Sharyland customers – your nightmare electricity bills are officially coming to an end.
On July 24, 2017, Oncor announced that it had reached a definitive asset swap agreement with Sharyland Utilities (SU) valued at approximately $400 million. Upon PUCT approval and successful close of the transaction, Sharyland will receive approximately 258 miles of 345 kV transmission lines from Oncor, and Oncor will receive all of Sharyland’s distribution network and, following ERCOT transitioning, all of Sharyland’s retail delivery customers.
Specific details of the proposed transaction include:
- Sharyland will transfer to Oncor their retail distribution assets and operations located in their Stanton, Brady, and Celeste (SBC) service territories, as well as their McAllen service territory.
- Oncor will transfer to Sharyland transmission lines of similar value located in West and Central Texas.
- Sharyland and will retain their transmission system in the Texas Panhandle and their transmission assets and substations in the Stanton and McAllen service territories. Essentially, Sharyland will become a transmission service provider.
- Once all required approvals are obtained and the transaction closes, after a brief transition period Sharyland’s retail distribution customers in all of its service territories will transfer to Oncor along with the more favorable Oncor delivery rates.
- Upon closing of the transaction, the rate case for Sharyland and it’s transmission company will be dismissed.
What does the Oncor purchase mean for Sharyland retail electricity customers?
It’s great news for Sharyland customers. The well-documented Sharyland electricity delivery fees have been the highest in the state since approximately 2010 when the Hunts created InfraREIT and transitioned their Sharyland Utility assets into a new structure.
The Oncor deal means significant savings in the delivery component (the cost of transmission and distribution) on your electricity bill. These utility delivery charges are updated twice a year (March 1 and September 1) and are regulated by the PUCT.
Before the deal, Sharyland’s delivery charges are $10.00 per month (fixed) plus 7.3846¢ per kWh of usage. After the deal, customers will transition to Oncor’s delivery charges which are $5.25 per month (fixed) plus 3.6513¢ per kWh of usage. On a 2000 kWh bill example, this savings amounts to $4.75 + $74.67 = $79.42 per month. Your actual savings will vary depending on how much electricity you use.
Note that your energy rate (the amount you pay for your electricity supply) is not impacted.
In addition, Oncor will install smart meters for Sharyland customers who currently do not have them.
Read Oncor’s Q&A regarding the transaction >>
Which Sharyland utility areas are affected?
All Sharyland retail delivery areas will be transitioned to Oncor.

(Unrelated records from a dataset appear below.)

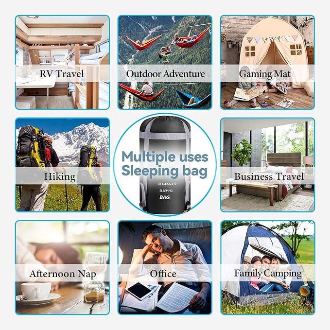 - Convenient Storage: Each sleeping bag comes with a compression sack with shoulder strap. The biggest advantage of our compression bag is its large capacity, which makes it easy to store and carry. It fits into an ultra-compact bag in seconds, no folding or rolling, saving you even more time!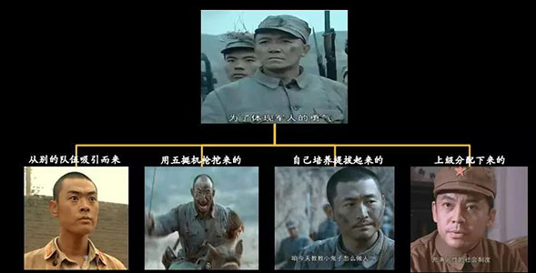 案例:李云龙如何构建核心团队(魏和尚:解救后吸引而来;孙连长:用五挺重机枪从别的队伍挖过来;张营长:自己培养提拔起来,是打出来的;赵政委:上级委派而来。
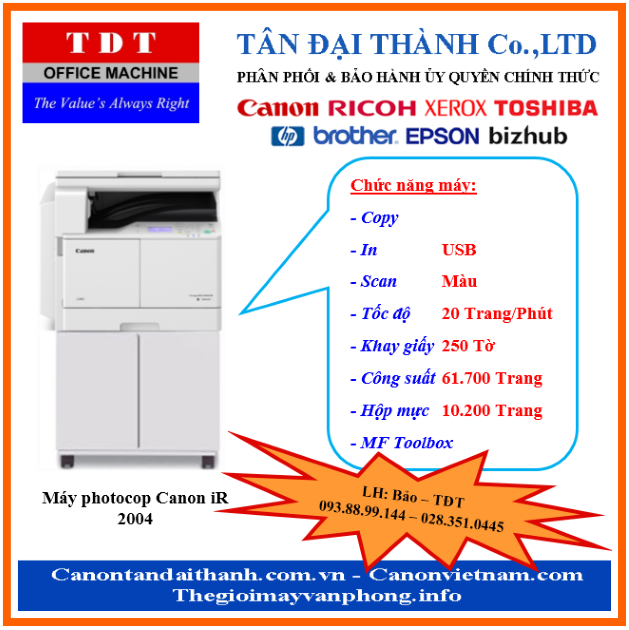 1. Thông số kỹ thuật máy photocopy canon ir 2004: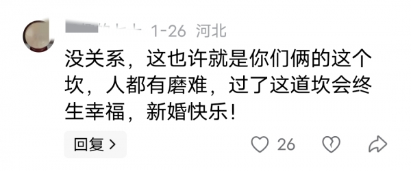 有网友表示,也许这就是他们的坎,现在过了这个坎,以后就会终身幸福了。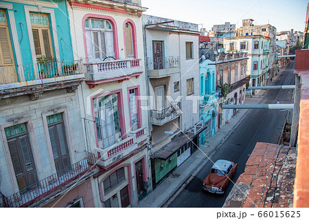 キューバ ハバナの裏通りを俯瞰で眺める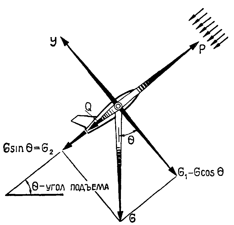 Vгп – cosθТяга, потребная для подъема. Тяга, необходимая при подъеме самолета на данном угле атаки, называется потребной тягой для подъема.РG2Этот вывод подтверждают кривые Жуковского (Рисунок6.2).Мощность, потребная для подъема. Мощность, необходимая для обеспечения подъема самолета на данном угле атаки, называется потребной мощностью подъема.Nанализа кривых Жуковского следуетN.Угол и вертикальная скорость подъемаманевренные свойстваУгол подъемаРисунок 7.2 Треугольник скоростей при наборе высотыР= G ∙ sin, sin=Р/G.Рmax
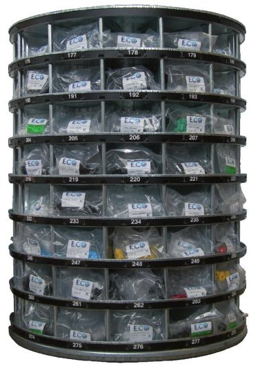E.CO has a wide range of patented products to cleverly optimize the storage of the items: storage systems able to contain thousands of spare parts, including the heavy ones (Rotor) or personalized shelves developed horizontally or vertically (Esabox), as well as smaller products (Sector, Esasector, Easybox and 4Easy) available in different colours, which can also be personalized.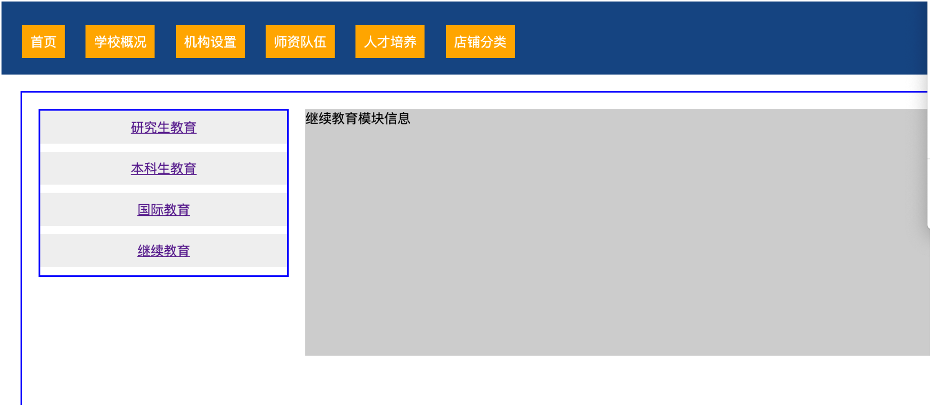 如上图中,“研究生教育、本科生教育、国际教育、继续教育”这些都是人才培养模块下面的信息,他们的内容,应该展示在人才培养页面的 里面的右侧灰色额部分,而不是顶级路由的展示区域。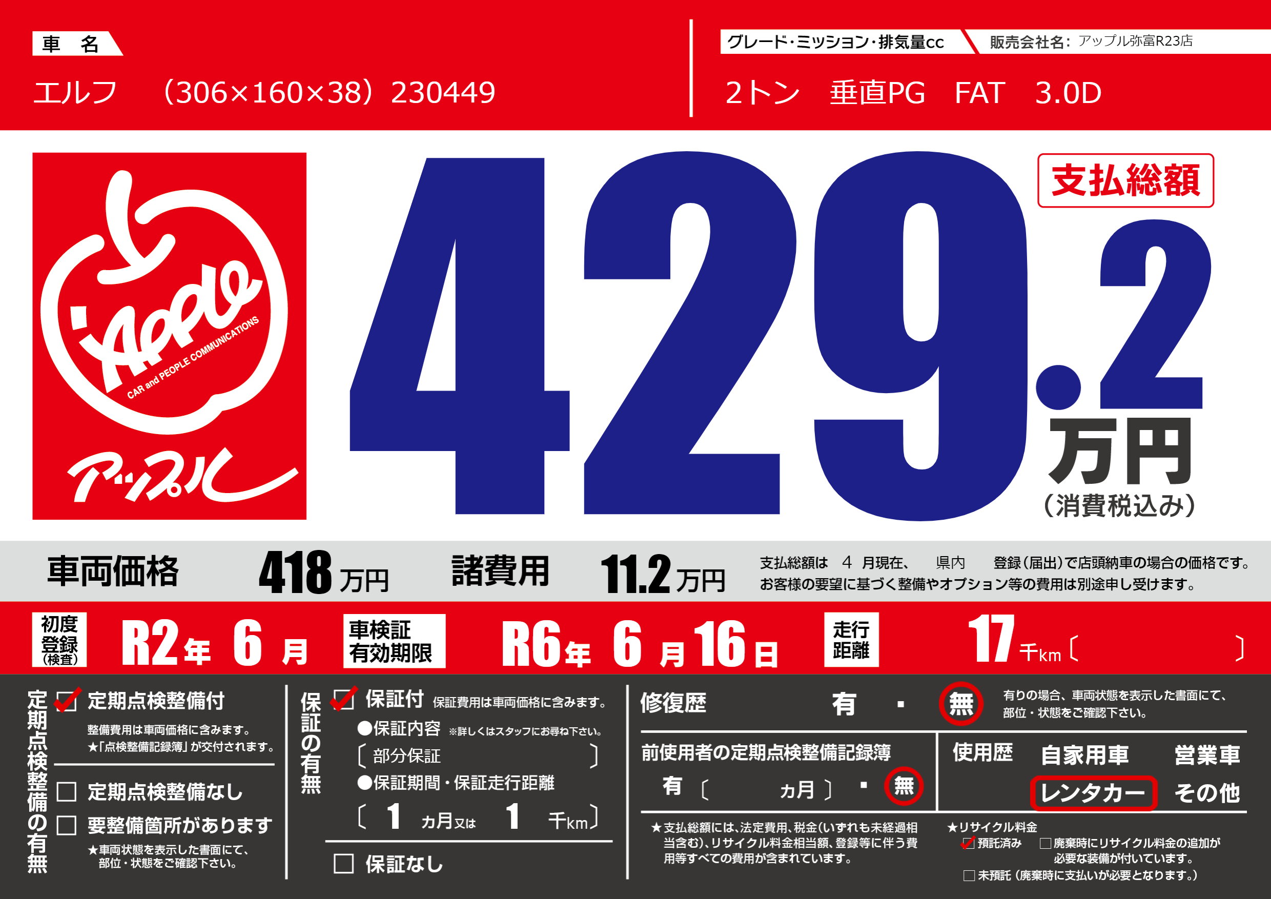 | 車名 | エルフ (306×160×38)230449 | グレード ミッション 排気量 |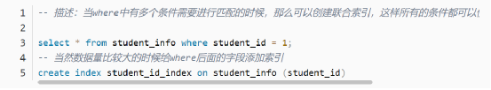 在频繁的查询的业务中可以对where筛选的字段建立索引,如果where筛选的字段有多个还可以建立联合索引

The three main Sharyland regions (McAllen, Greenville, west Texas) will all transition to Oncor. Specific cities include Midland, Big Spring, Stanton, Brady, Celeste, McAllen, and Greenville.
When will the Oncor purchase be finalized?
On October 11, 2017, the PUCT adopted final orders which give approval to the asset swap among Oncor and Sharyland Utilities. The deal officially gives Sharyland Utilities distribution assets (and retail customers) to Oncor (under Oncor’s distribution charges) in return for select Oncor transmission lines.
Although the transaction is still subject to closing, PUC approval on October 11 should permit the new system-wide Oncor rates to take effect on November 27, 2017, which provides REPs with 45 days notice of the rates.